How quickly people forget...  

Breed Specific Legislation is legalized murder in my book. It's inept people who have done ZERO research deciding that an entire breed of dog needs to be destroyed. Such complete and total *ignorance*. I will tolerate stupidity, it's something you're born with, but ignorance is unforgiveable. It's the WILLFUL exclusion of facts and a refusal to learn. That just makes you horrible...and some cases causes absolute evil. Unforgiveable. 

I get riled up about this...don't let a southern female get on a soapbox...lol!  
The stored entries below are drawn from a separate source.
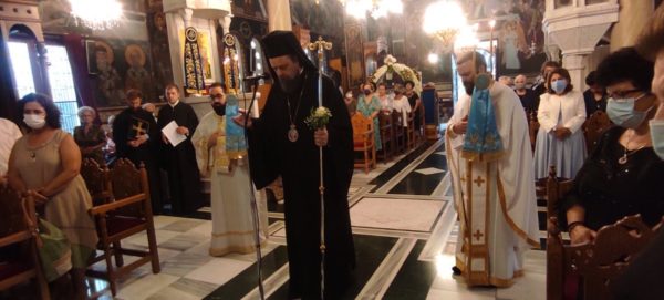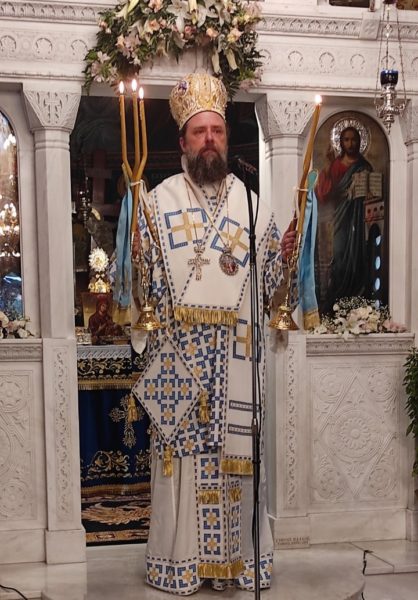 Το πρωί της κυριωνύμου ημέρας, ο Σεβασμιώτατος Μητροπολίτης Χαλκίδος κ. Χρυσόστομος και ο περί αυτόν ιερός Κλήρος, με επικεφαλής τον Πρωτοσύγκελλο της Ι. Μητροπόλεως Αρχιμ. Νικόδημο Ευσταθίου, υποδέχθηκαν τον Θεοφιλέστατο Επίσκοπο Ωρεών κ. Φιλόθεο, Αρχιγραμματέα της Ι. Συνόδου της Εκκλησίας της Ελλάδος, ο οποίος χοροστάτησε στον Όρθρο, προεξήρχε στη Θεία Λειτουργία και κήρυξε τον θείο λόγο, αναφερθείς στην Υπεραγία Θεοτόκο και την παρακαταθήκη υπακοής και εφαρμογής του θελήματος του Θεού, που αφήνει σε κάθε γενεά ανθρώπων, όπως Εκείνη πρώτη εφάρμοσε και έγινε ο ανθρώπινος εργάτης της σωτηρίας μας.
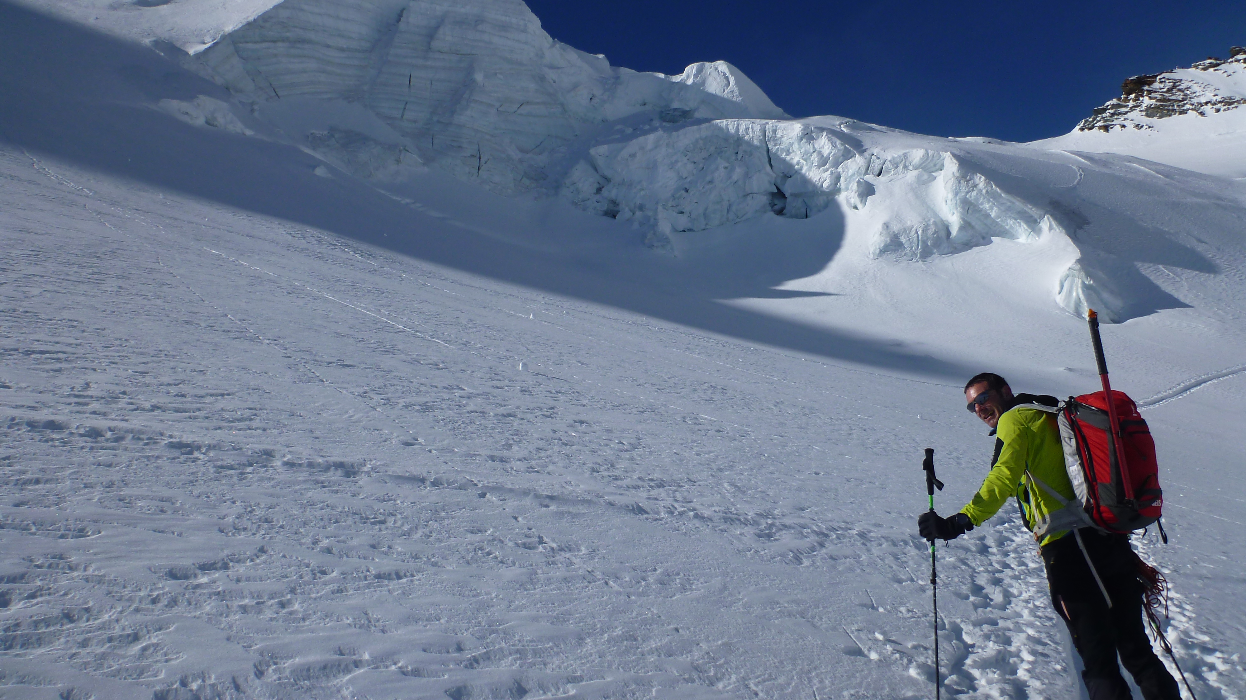 Gefahreneinschätzung: auf Gletscherspalten achten, Lawinengefahr Stufe 2
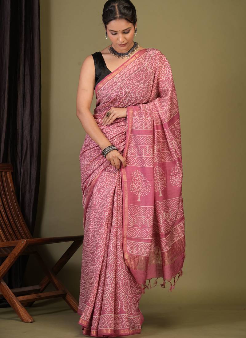 | Product Name | Pink Zari Work, Tassle Cotton Silk Blend Bhagalpuri Ethnic Saree With Unstitched Blouse | |
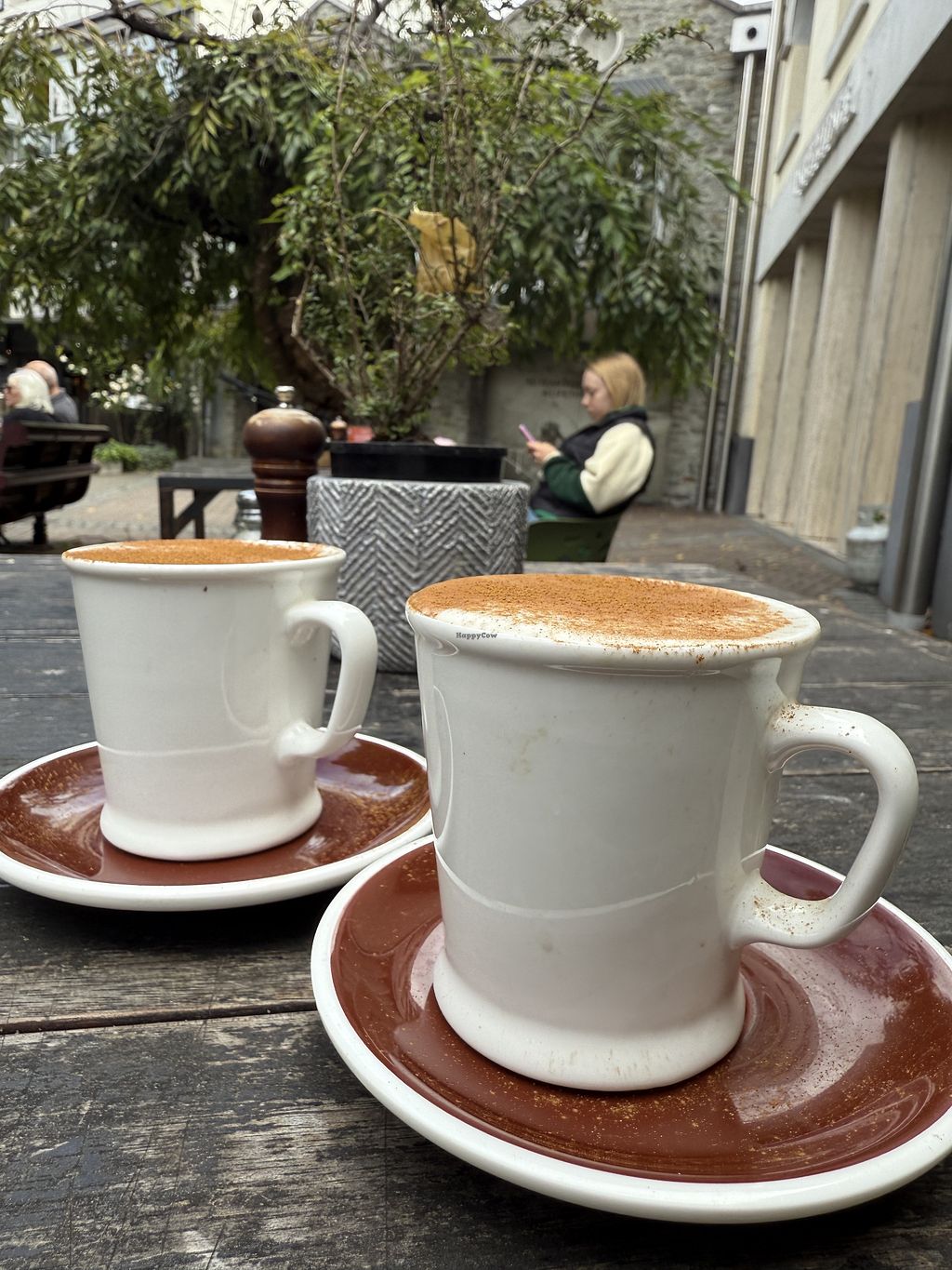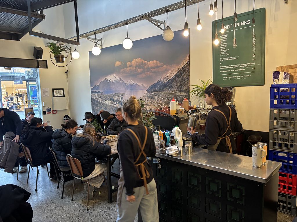 Got an Oat Latte (they charge extra for milk alts) and their plant based raw Snickers bar. Coffee was really good and the bar was tasty, a little bit pricey for the size, but expected for Queenstown. They have inside and outside seating facing the lake, and can get really busy.
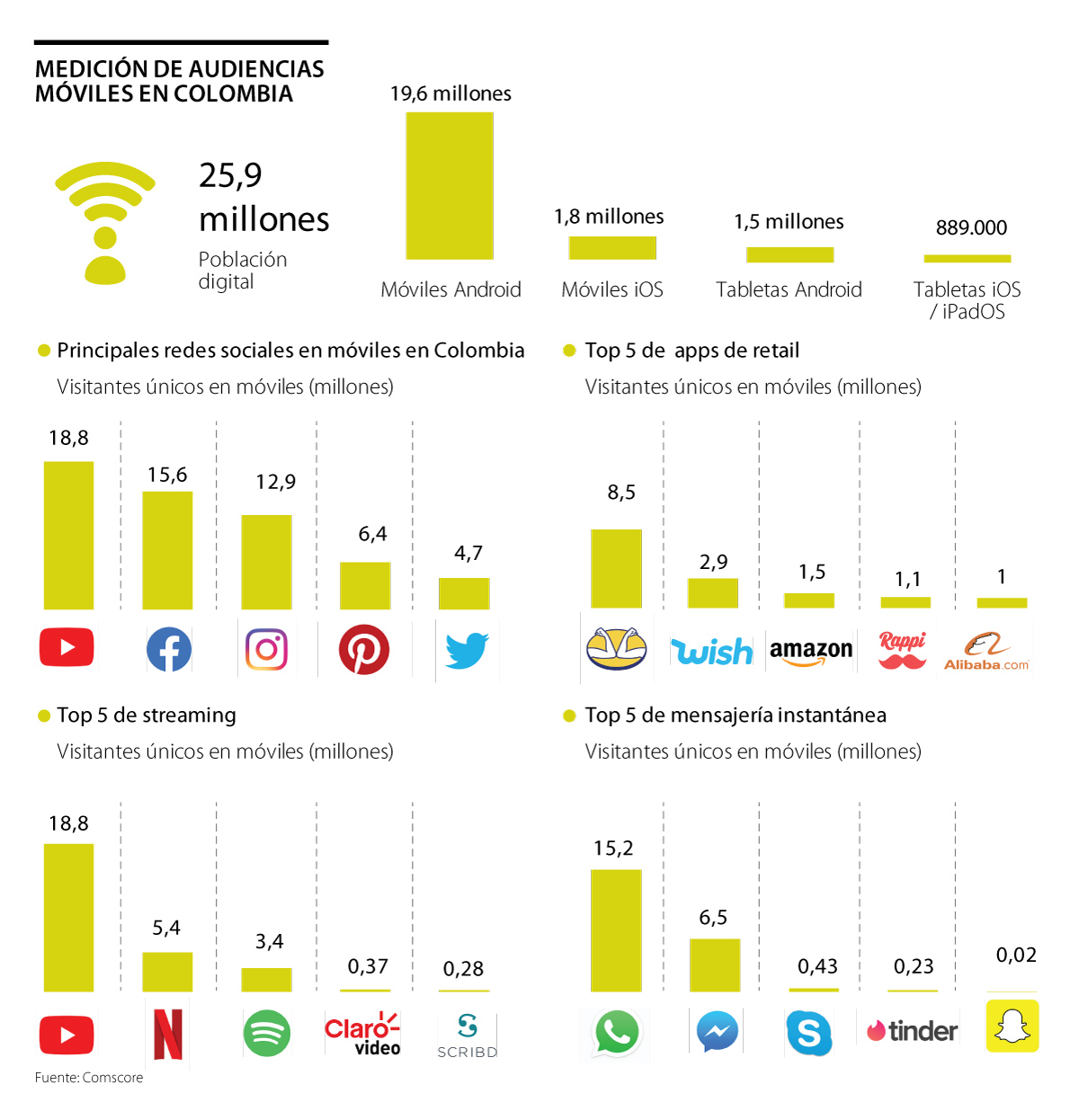 “El consumo móvil en Colombia está creciendo notablemente con algunas tendencias que lo potencian aún más, como el comercio digital. Es importante que el mercado colombiano cuente con estas cifras para entender el comportamiento de su audiencia digital y las prácticas de consumo en las diferentes industrias, sobre todo con los cambios de tendencia que hemos vivido a partir de la pandemia”, dijo Iván Marchant, vicepresidente de Comscore Colombia.
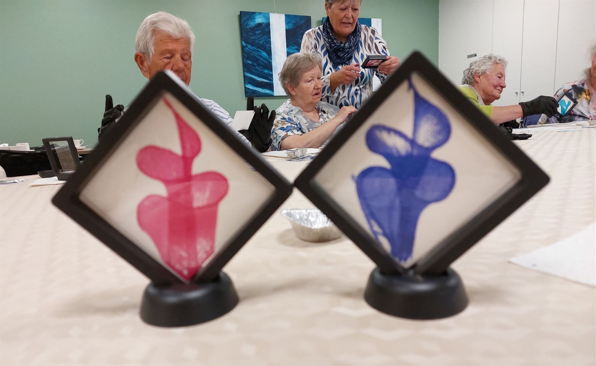 Het bleef telkens spannend om te ontdekken wat er precies tevoorschijn kwam. Na wat oefenen klonken vooral kreetjes van verwondering. Meestal herkenden de deelnemers een abstracte bloem, maar af en toe verscheen er ook een spook of zelfs een mossel. Dat maakte het extra verrassend en bijna magisch.
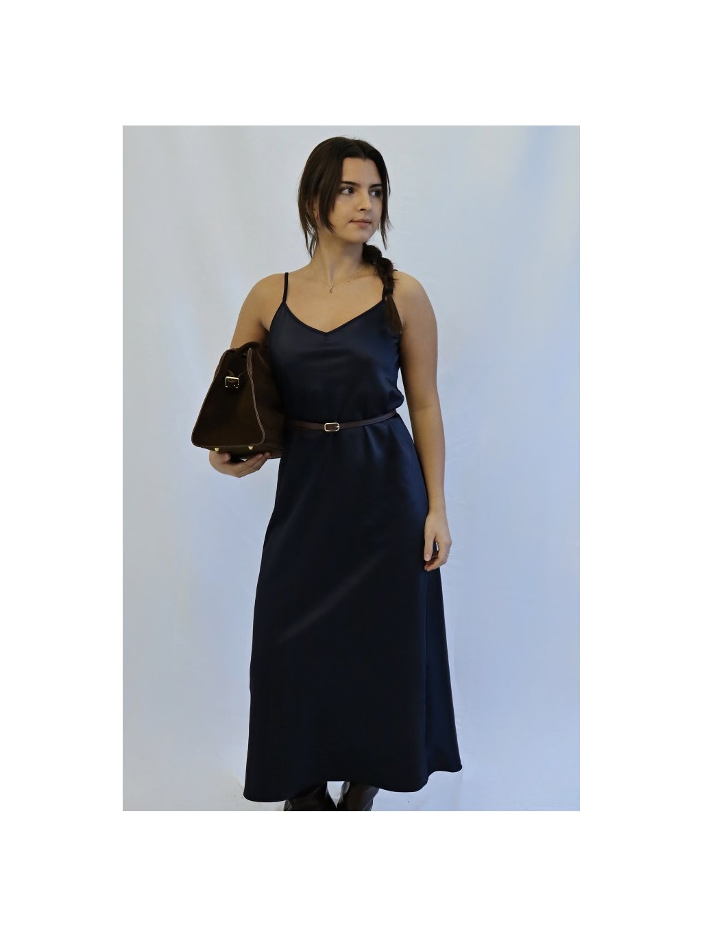 Tyto saténové šaty s úzkými posuvnými ramínky působí jemně, žensky a luxusně zároveň.
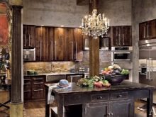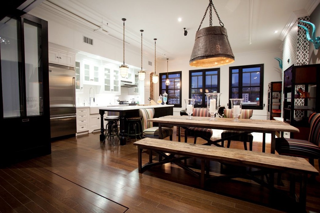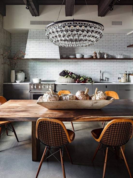 - In the kitchen The use of aluminum lampshades or track tires above the table is encouraged. In general, a loft chandelier for the kitchen is the best choice as it does not occupy floor space, leaving more room for maneuvers. Glass models will not fit in here, the underlined neglect of pretentiousness for a taboo kitchen.
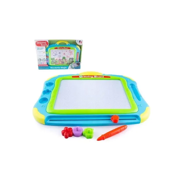 Znikopis to zabawka edukacyjna i idealny pomysł na kreatywną zabawę dla dziecka. Tablica magnetyczna - jak działa? Pod jej powierzchnią znajdują się opiłki, które podczas malowania na tablicy specjalnym długopisem układają się w rysunek. Namalowany obrazek możemy łatwo wymazać - wystarczy przeciągnąć specjalnym suwakiem, a rysunek zniknie i można narysować ponownie nowy. Doskonała zabawa połączona z elementem nauki. Dziecko ma możliwość ćwiczenia rysowania i pisania. W zestawie tablica, pisak pieczątki oraz szablony do rysowania.
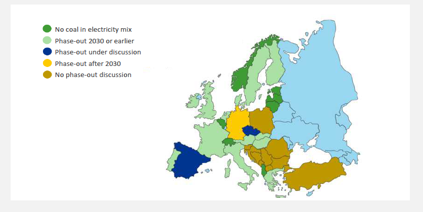 Figura 5. Estado de la discusión sobre la eliminación del carbón en Europa.
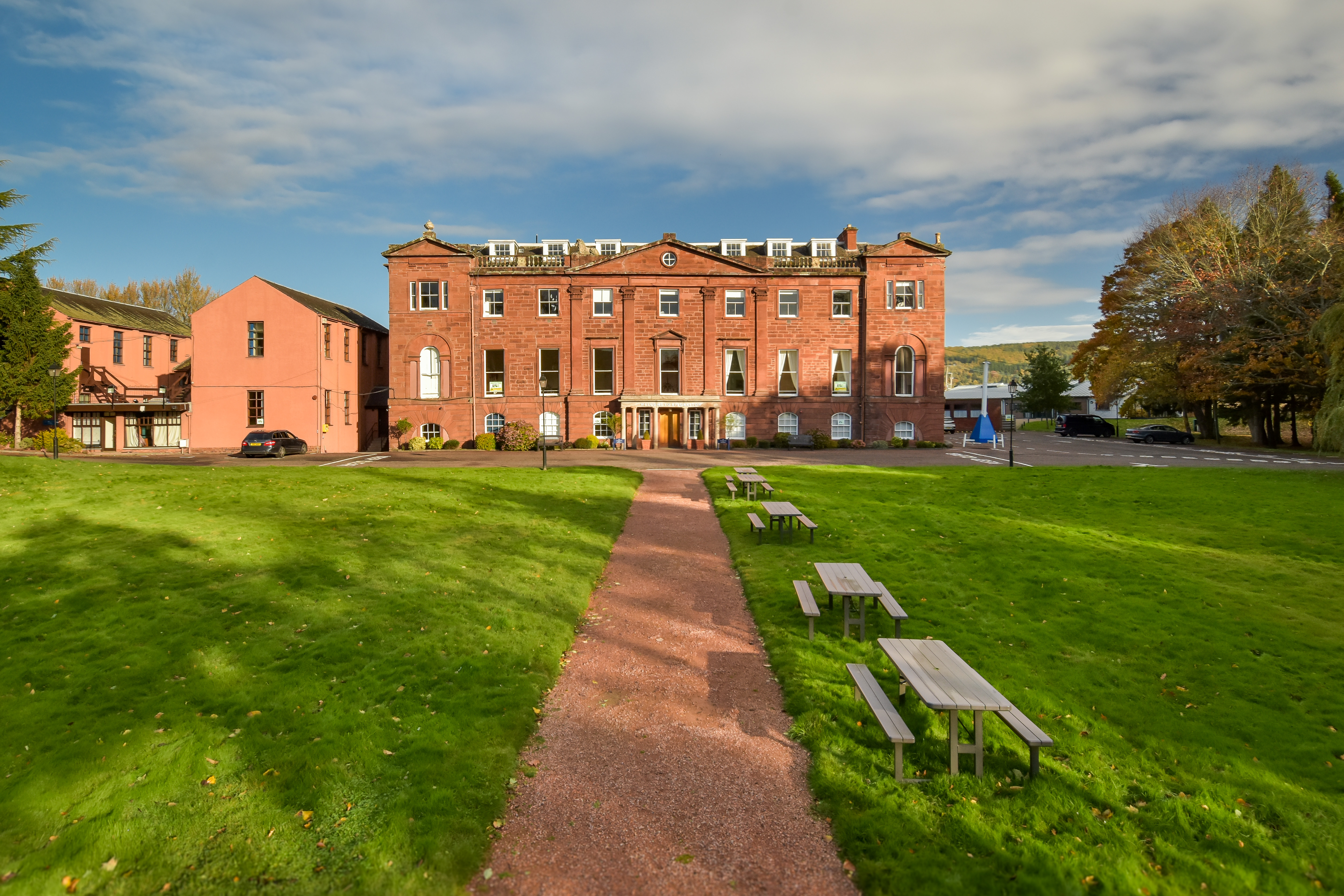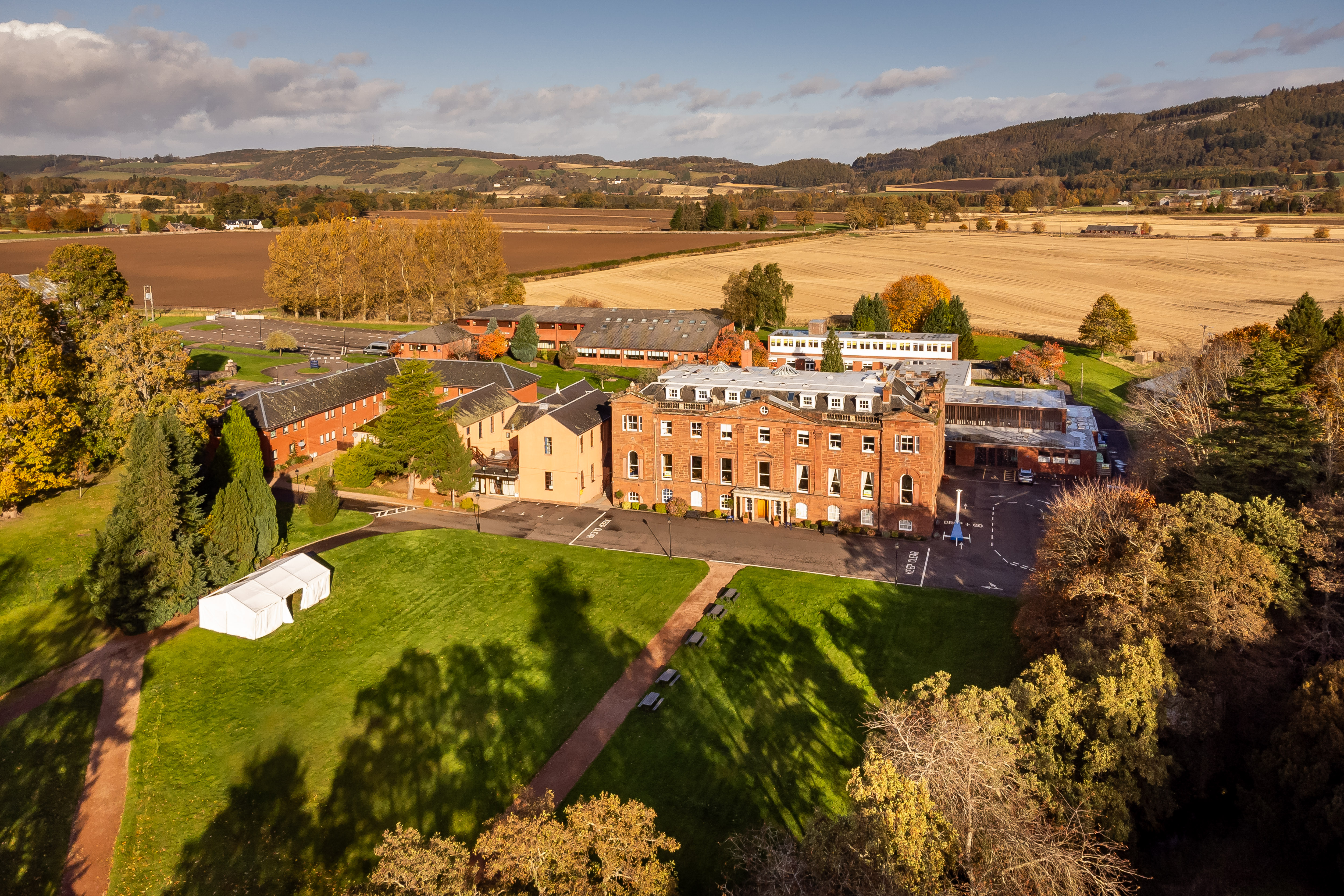 A landmark 56-acre estate located in Bridge of Earn, Perthshire. Formerly an independent boarding school, the site contains an extensive collection of high-quality buildings including the main school building, sports hall, science block, equestrian centre, boarding houses, chapel and multiple residential blocks. The estate has been acquired for a full mixed-use redevelopment, transforming the grounds into a residential-led, leisure and community destination.

I worked as a dog groomer for about a year when I was a pre-vet major in college...and I second the comment about the little dogs being the ones to watch.  LOL, they're good little guys, but if you do something they don't like, Heaven help you.  Shelties and cockers were by far the most likely to bite. But, we had a cocker spaniel for 18 years and she was the BEST dog. My cousins played with her, pulled her ears, tried to "ride" her (poor little girl!), and she never bit, never growled, never snapped...she just tried to hide. Never met anyone she didn't like, and wanted nothing more than to be loved on. 
There is absolutely good in every breed, and every dog has the potential to be special to someone. Sometimes they may need some particular handling or a certain type of home (IE no cats, no children, etc.), but they're all GOOD creatures.


----------



## Elsewhere

I LOVE Pit bulls! We can't even own them in my province, which makes me very angry, since they really are sweethearts! Even though there are my many small dog owners on this site, my personal preference is big dogs, because most small dogs don't like me and bite my ankles or my fingers. I've never once had a Pit bull or so called "dangerous dog" lung at me like a Chihuahua has. Well, there was that one mutt, but it was just having a bad day at a kennel, aha. Here's my Daisy, a complete Mutt that has a little of everything in her. I honestly think she might have some Pitt among Sheppard and Whippet XD


----------



## fawx

Your dogs are the absolute cutest <3333
My guess is pit bulls are a really common breed which many crappy dog owners allow to reproduce, thus giving their dogs to their friends. So it's just like an endless cycle of good dogs given to bad owners who keep letting them breed randomly (at least in this area, people have them chained in the backyards with no shelter and they just keep breeding, and it's clear the mothers need a break.)


----------



## Blue Fish

fawx said:


> Your dogs are the absolute cutest <3333
> My guess is pit bulls are a really common breed which many crappy dog owners allow to reproduce, thus giving their dogs to their friends. So it's just like an endless cycle of good dogs given to bad owners who keep letting them breed randomly (at least in this area, people have them chained in the backyards with no shelter and they just keep breeding, and it's clear the mothers need a break.)


Being common is a big part of it. But a bigger part is that there are some ignorant, horrible, evil people who intentionally use pit bulls to fight one another, often to the death. People hear the word pit-bull, and they instantly conjure up the media-driven idea that ALL pitties are blood-thirsty killers...because of this practice. What the media *doesn't* tell you, is that these dogs are used this way because of their loyalty, and absolute willingness to please their owners. They only want to do what they've been told...and if they've been conditioned, and yes, told, to fight another dog...then they'll do it. If only because they are following orders from their leader. It's not the dog's fault. It's the fault of the evil piece-of-walking-filth who put them in that situation to begin with.  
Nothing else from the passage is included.